The network latency is the room that is up to several optimizations, but first what’s latency and how this affects the customer experience?

Latency is the time elapsed from a package by a client to a receiver.

Before any performance optimization, we should define clearly our goal and the boundaries. This step is valuable to understand the client’s perception around the speed.

The average human reaction time is around 200 milliseconds following Human Benchmark Project, that’s a pretty interesting project, and following the “Mental chronometry”:

Representation of the stages of processing in a typical reaction time paradigm. (Mental chronometry)

“Human response times on simple reaction time tasks are usually on the order of 200 ms. The processes that occur during this brief time enable the brain to perceive the surrounding environment, identify an object of interest, decide an action in response to the object, and issue a motor command to execute the movement. These processes span the domains of perception and movement, and involve perceptual decision making and motor planning. Many researchers consider the lower limit of a valid response time trial to be somewhere between 100 and 200 ms, which can be considered the bare minimum of time needed for physiological processes such as stimulus perception and for motor responses.”

Human Reaction time graph by humanbenchmark.com

And it’s also confirmed by the book HTTP Network Performance - Ilya Grigorik:

“Once the 300 milliseconds delay threshold is exceeded, the interaction is often reported as “sluggish” and at the 1000 milliseconds barrier, many users have already performed a mental context switch while waiting for the response. The conclusion is simple: to deliver the best experience and keep our users engaged in the task at hand, we need to be fast!”
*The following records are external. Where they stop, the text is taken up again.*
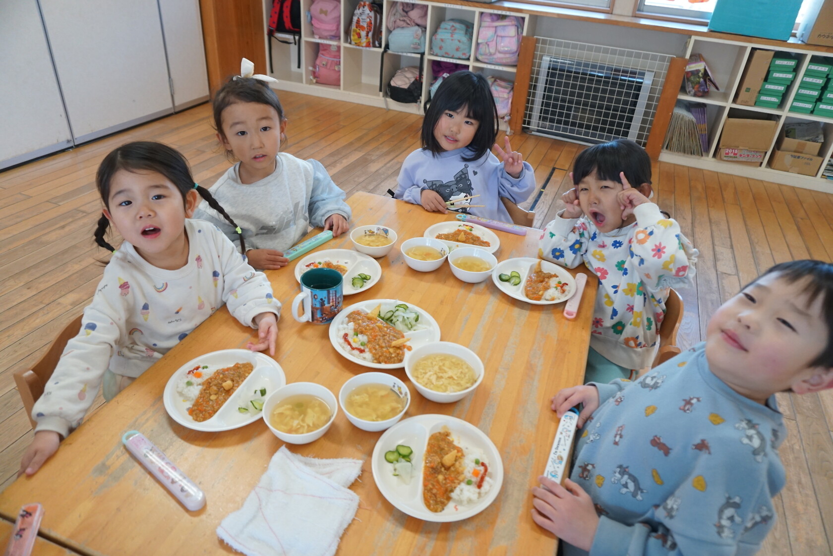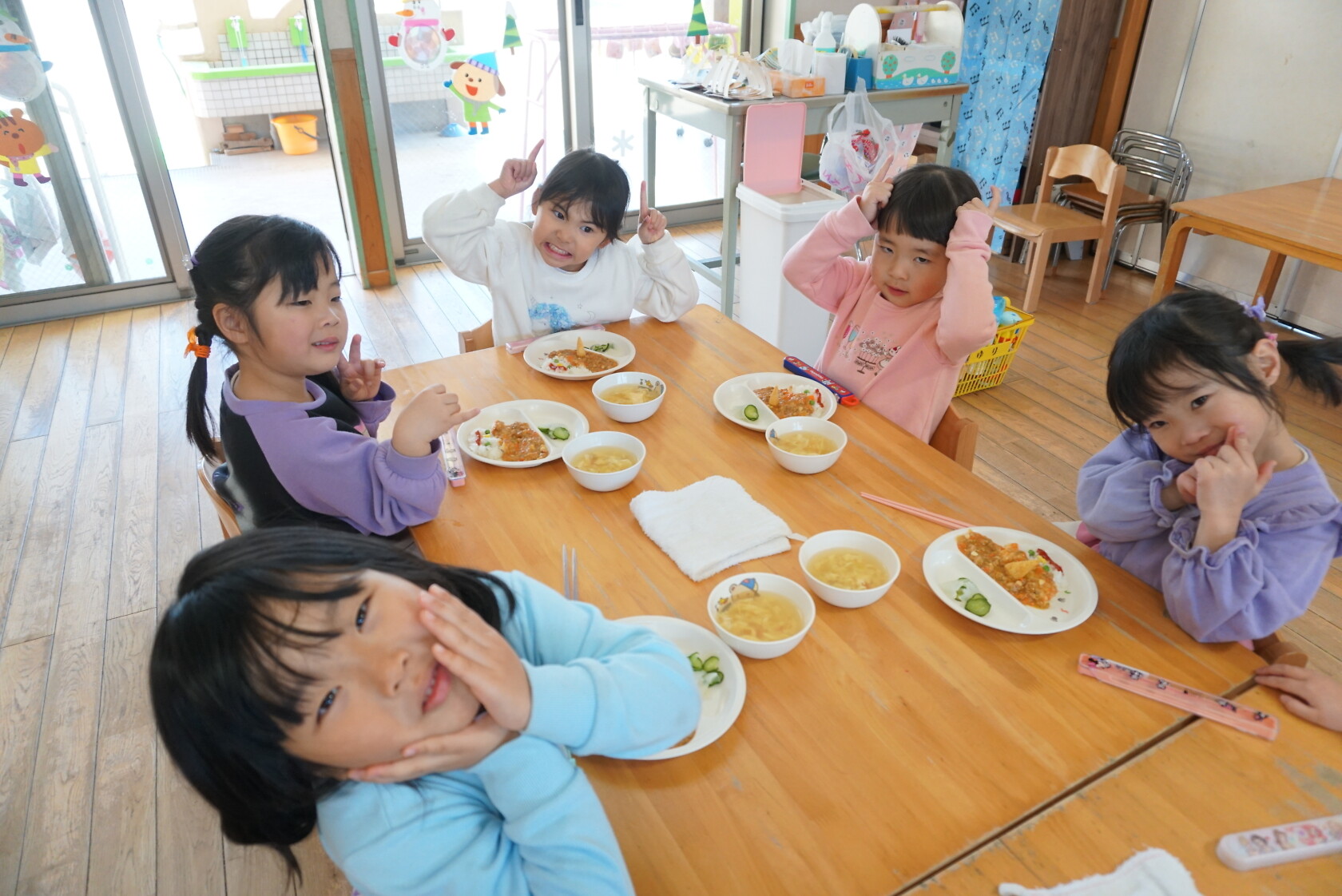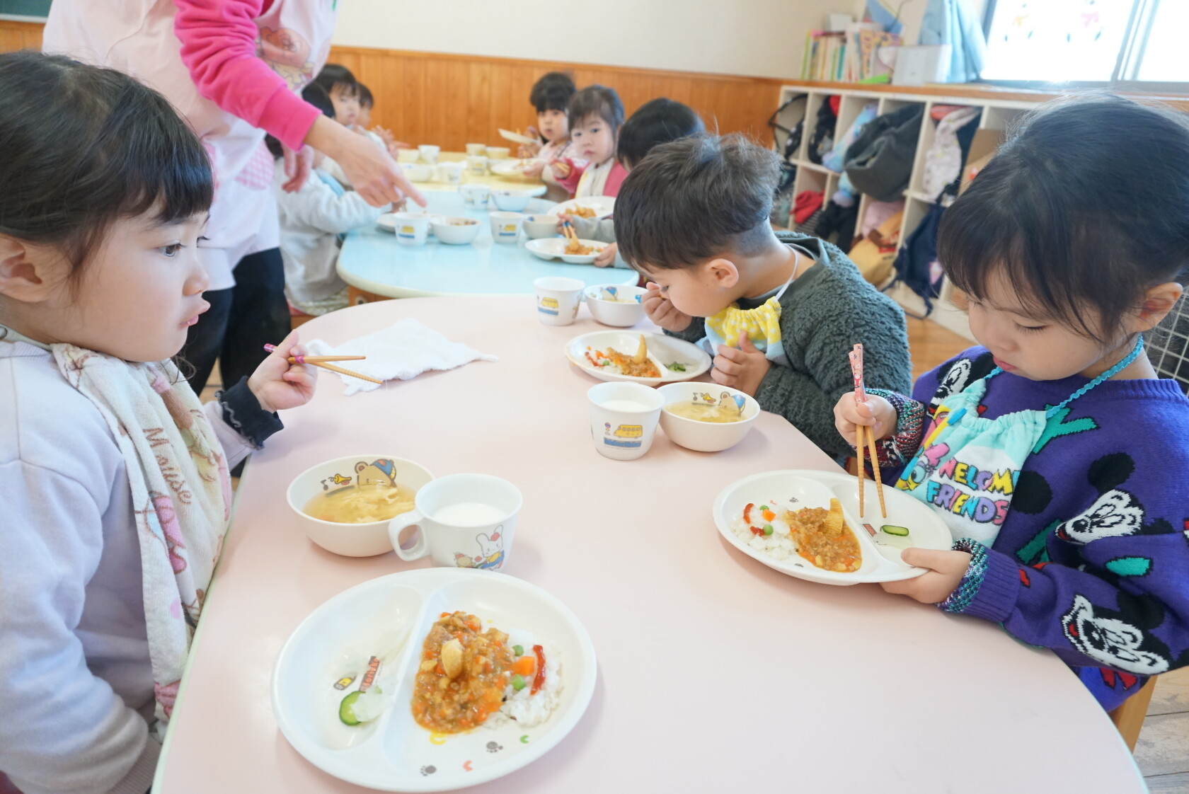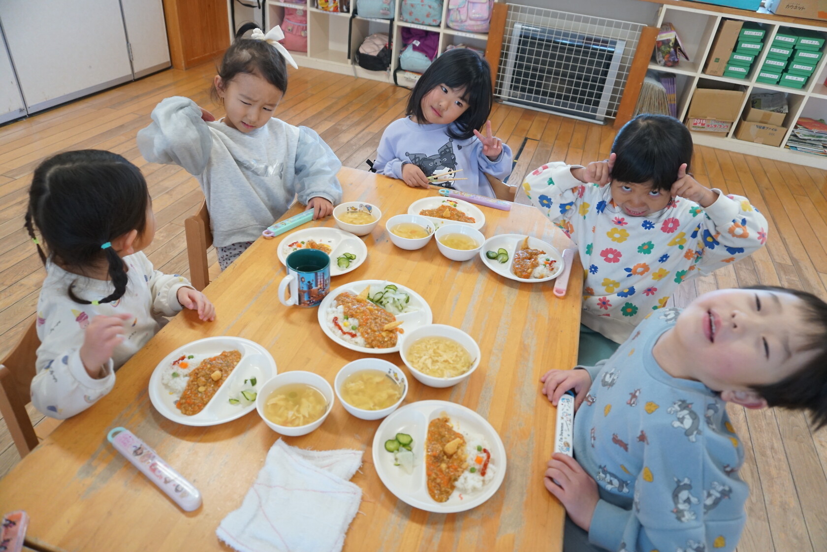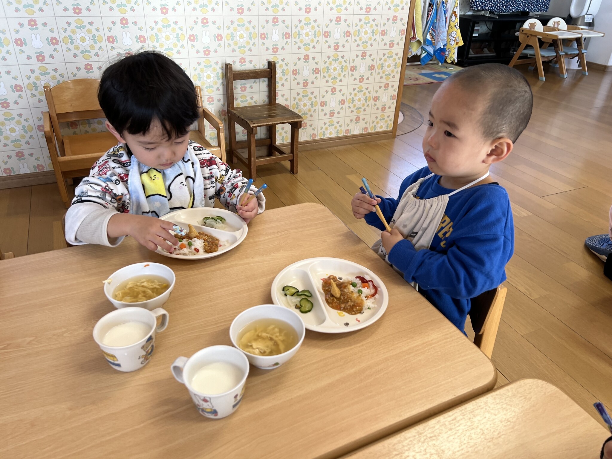 今日のできごと(節分②) 公開済み: 2025年1月31日更新: 2025年1月31日 今日は節分と言うことで行事食がでました!! 毎年恒例、鬼のカレーライスにみんな大喜びでした!! 鬼の角に「給食なのにおかしがのってる」と不思議がっていました😁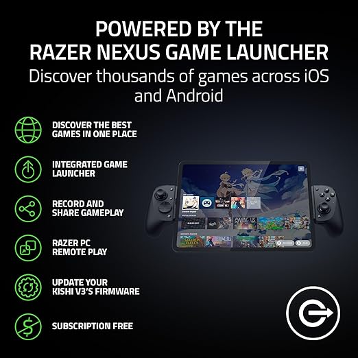 - WIRED & REMOTE PLAY FOR PC — Turn the Kishi V3 into a haptic PC controller via a direct low-latency USB C connection (cable sold separately) or remote play PC games from any launcher with Razer Nexus and enjoy AAA gaming anywhere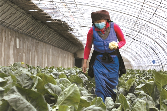 圖為當(dāng)?shù)厝罕娫谀窆たh現(xiàn)代農(nóng)業(yè)示范園溫室大棚收花菜。 拉薩融媒記者 貢嘎來(lái)松攝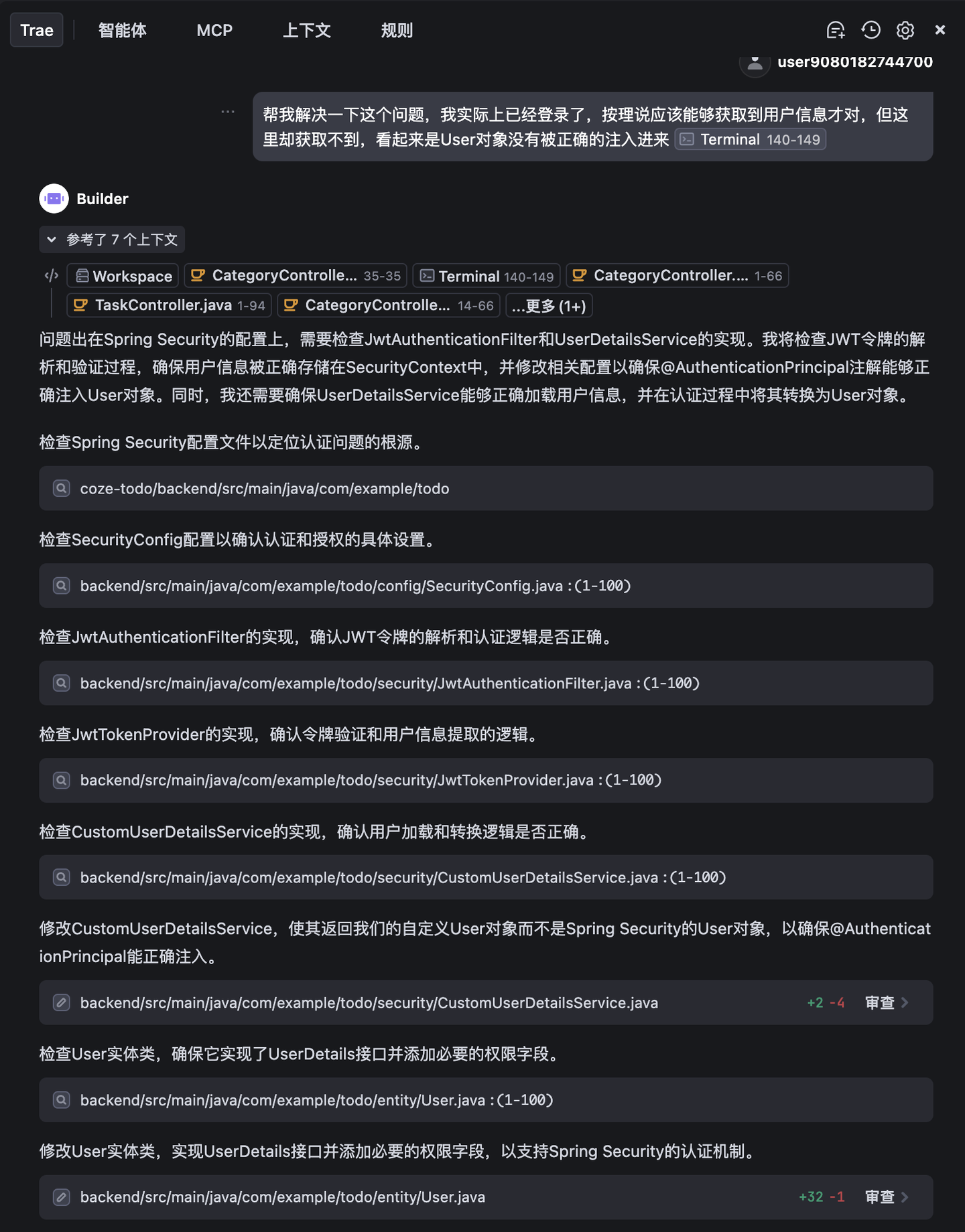 - 在查看他人代码时,若发现潜在的错误,可以直接请求 Trae 帮忙确认,并自动生成一个 issue。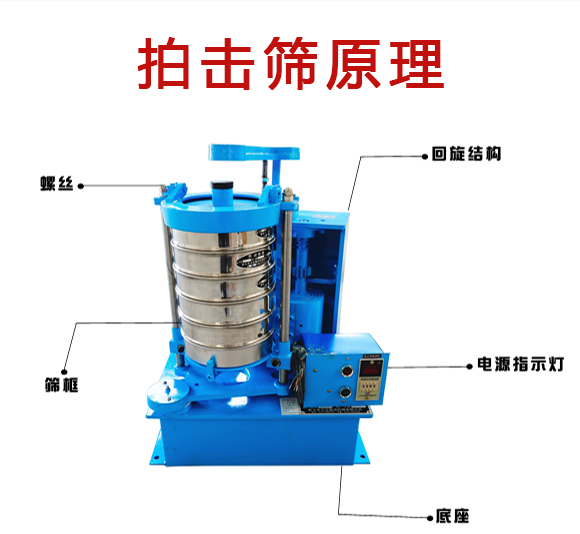 拍擊篩:拍擊篩 電機(jī)通過(guò)同步帶,帶動(dòng)齒輪變速后使主軸轉(zhuǎn)動(dòng),主軸帶動(dòng)偏心輪使滑板帶動(dòng)試驗(yàn)篩左右搖動(dòng),同時(shí)帶動(dòng)頂桿齒輪轉(zhuǎn)動(dòng),頂擊拍錘,拍擊試驗(yàn)篩,使試驗(yàn)篩、分樣篩中的物料篩分。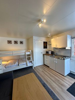 Stugorna som ligger endast några meter ifrån varandra har plats för upp till 4 personer vardera fördelat på en våningssäng och en bäddsoffa.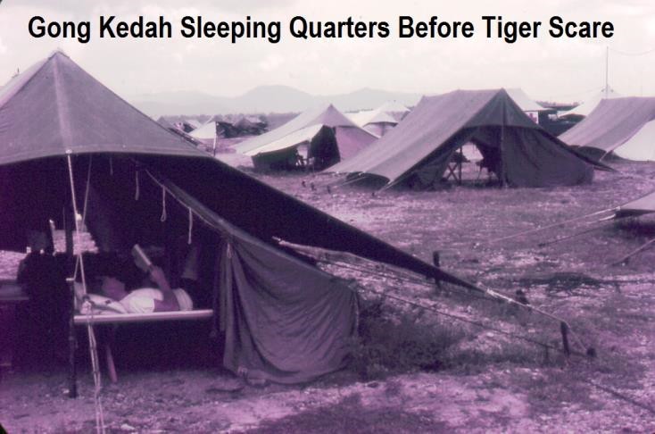 In late 1965 the Butterworth airstrip had to be resurfaced and 2 Squadron was despatched to Gong Kedah an old strip on the opposite side of Malaysia used as a forward base to attack the terrorists and still showing WW2 bomb pockmarks alongside the strip, no buildings, we lived in tents. We weren’t far from the Thai border and Chin Ping and his Communist Terrorists were still operating in this area so we had a roster of guys guarding the aircraft every night. One night we were all awoken by a rifle shot and ran over to see one of our guys standing, still shaking with his rifle in one hand and his guard dog lead in the other. Apparently, his dog started growling and snarling and the guy shone his torch around to see a tiger crouched ready to pounce on him. He had frozen with fear, luckily the tiger bounded off and he fired after it. Prior to this we had all had our tents un-staked with the flaps thrown over the top because of the heat, after this we had them staked every foot and the fly’s laced up like a boot.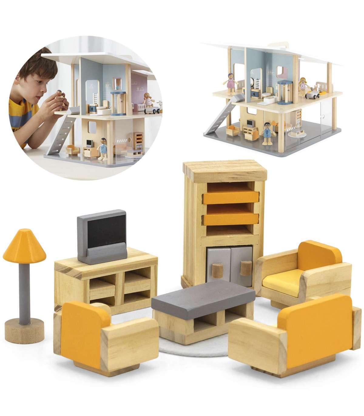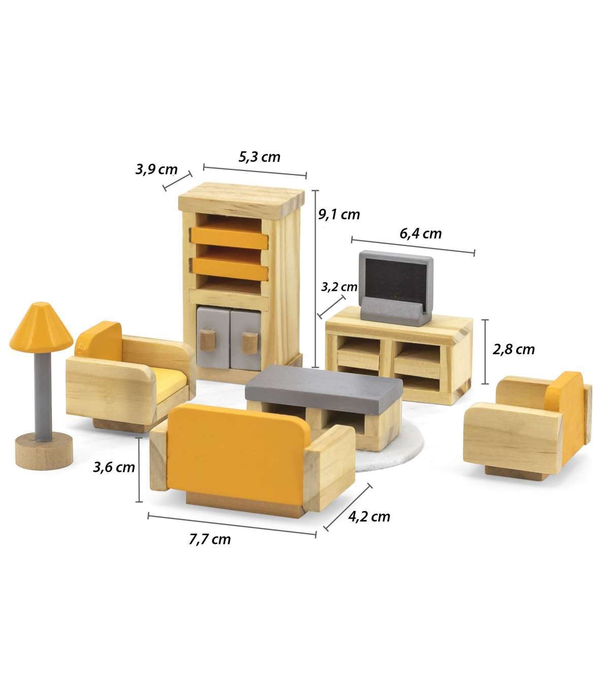 Seeria nukumööbli komplekte tuntud firmalt Viga on ideaalne kingitus teie lapsele. Seeria sisaldab 5 erinevat tuba erinevates värvikombinatsioonides. Loo oma nukumaja ja paiguta mööbel ning toad vastavalt soovile. Toode on valmistatud kvaliteetsest materjalist ja suurt tähelepanu pöörates detailidele. Mänguasi on värvitud mittetoksiliste värvidega pehmes värvipaletis.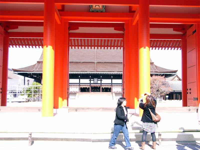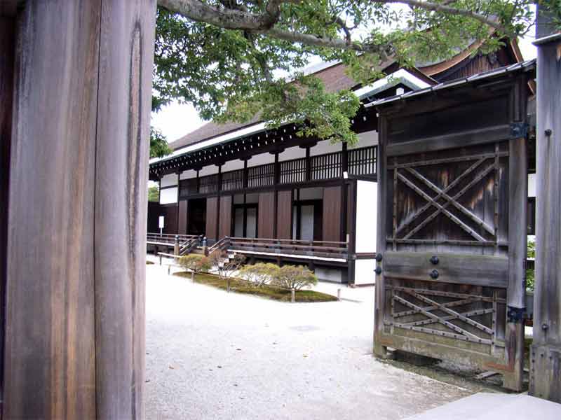 さらに回廊を巡って、見えてきたのは建春門、皇太子用の入り口だそうです。五行で言えば、東は春なので御所東側の門が建春門なのですが、東の方角というのは「東宮」という言葉もあるくらいで、中国でも皇太子用のものが多いですね。
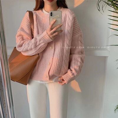 ピンク 無地 ツイストエイト セーター レディース コート 新作 ルーズ ソフト ワックス気質 ニット カーディガン 婦人服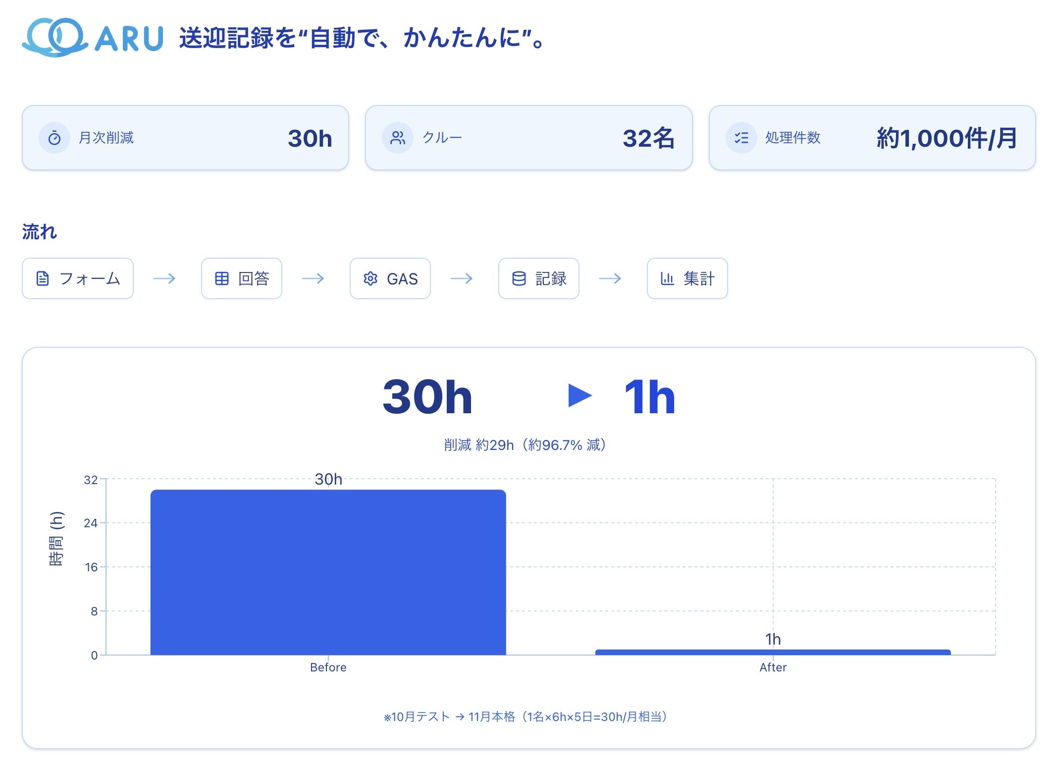 時間削減:月30時間 → 約1時間へ

In business, it transposes usually to a better conversation rate:

Mobify found that decreasing their homepage’s load time by 100 milliseconds resulted in a 1.11% uptick in session-based conversion.
Retailer AutoAnything experienced a 12-13% increase in sales after cutting page load time by 50%.
Walmart discovered that improving page load time by one second increased conversions by 2%

User perception in milliseconds

Common issues

In the network, there are several cases that can affect the latency:

The route that your ISP uses to reach the server

Example ISP route

Eventually the ISP does not provide the best path (latency wise) to reach the end server, it’s due to several factors and varies depending on ISP. In fact, is not uncommon to see gamers angry because of their latency in the game even with a good bandwidth contract.

The distance between the application server and the client

Example distance between server and client

This information is obvious, however, I’ve seen a lot of architects ignoring it. When the server is far away from client it needs more hops to reach and consequently latency.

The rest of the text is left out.